Commissioners may decide Tuesday whether to give the nod to spend $3,700 of county money for the writing of a planning grant that could bring the county $20,000. Paired with a required 10% local match, the funds would be used to design a proposed county park on about 100 acres just north of Gas City.
The future park could have ponds, trails, a picnic area, campground, baseball diamond, pet center, park equipment and a community center.
It’s the campground that worries Richards and others about the plan. He said there already are seven campgrounds within a nine-mile radius of the proposed site.
“It sounds like a good idea until they find out it’s already here,” Richards said after last week’s meeting.
The competition could close at least one locally-owned campground, he said.
Don Bole, owner of Wildwood Acres Campground near Hartford City, said it would not be fair for local campground owners to put thousands of dollars into their businesses and then have their tax dollars spent on a park that could compete with them.
Joyce Martin, owner of Mar-Brook Camp Ground, agreed and said that it’s “absolutely unreal” that the county would consider creating a county campground.
“I don’t like competing against my own tax dollars,” she said. “I think it would really hurt us.”
Commissioner Mark Bardsley said at the July 17 meeting that the campground is just one of several ideas the park could bring to Grant County.
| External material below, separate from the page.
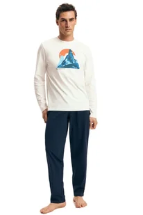 Piżama męska Loji 43475 – komfort w naturalnym wydaniu Klasyczna piżama męska wykonana w 100% z bawełny to propozycja łącząca wygodę i funkcjonalność. Zestaw składa się z bluzki z długim rękawem w kolorze ecru z graficznym nadrukiem górskiego pejzażu oraz spodni w kolorze granatowym . Elastyczna talia z gumą z napisem „Henderson” zapewnia doskonałe dopasowanie i podkreśla nowoczesny charakter zestawu. Całość utrzymana w stonowanej kolorystyce nadaje się zarówno do snu, jak i domowego relaksu. ☑️ 100% bawełna – miękkość i przewiewność ☑️ Bluzka z długim rękawem – idealna na chłodniejsze noce ☑️ Spodnie z prostą nogawką – swoboda i wygoda ruchów ☑️ Elastyczna talia z gumą „ Henderson ” ☑️ Oryginalny nadruk inspirowany naturą Piżama to doskonały wybór dla mężczyzn ceniących prostotę, wygodę i stylowy minimalizm .
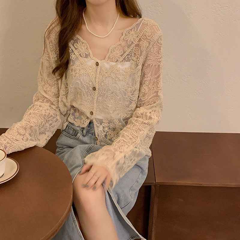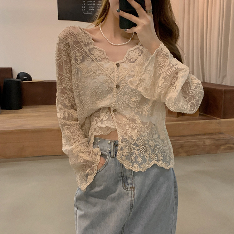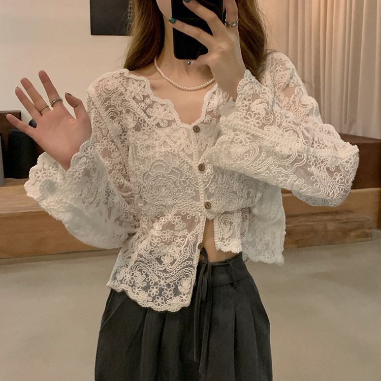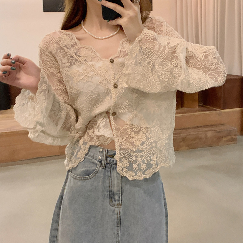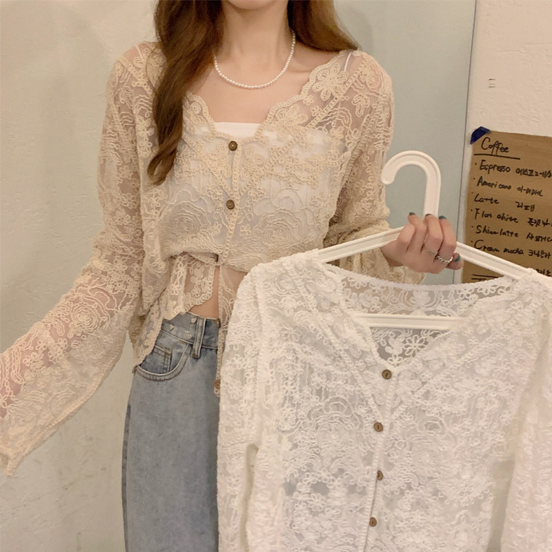 Летняя рубашка, тонкий лонгслив, кардиган, большой размер, V-образный вырез, защита от солнца

Commissioner Jeremy Diller said he has some reservations about the potential park. He said he would like to know what the needs of the county are for what the park could hold.
Belinda Hussong, director of the Marion Parks and Recreation Department, also said she is unsure what a new county park should have. She said she doesn’t know enough about the idea to make a decision, but added that parks provide numerous benefits to a community.
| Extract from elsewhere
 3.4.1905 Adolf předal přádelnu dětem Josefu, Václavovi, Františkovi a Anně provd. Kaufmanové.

Without hard facts, Tim Eckerle, director of the Grant County Economic Growth Council, said he doesn’t know enough about the park to make a conclusion on what he thinks it would mean to Grant County’s future.
But if the park were to have a campground, Eckerle said he doesn’t think it’s appropriate for the government to compete with the private sector.
“It’s all about supply and demand,” he said. “If there’s a supply, I don’t see a role for government.”
Mike Scott, Grant County Council president, said it’s important to remember that the park is just an idea so far.
“People are really jumping 55 horses in front of the cart,” he said.
Funding for the park could come from private sponsorship and local organizations, Scott said. Increased taxes also are a possibility. How the park is funded also would be determined through the planning grant.
Before anything is decided on a park, Scott said there would be a steering committee to head up plans, along with public meetings.
The idea for the park came as a way to improve the quality of life for Grant County residents, Scott said.
“Let’s rally behind the idea to try to make it happen instead of closing it down,” Scott said.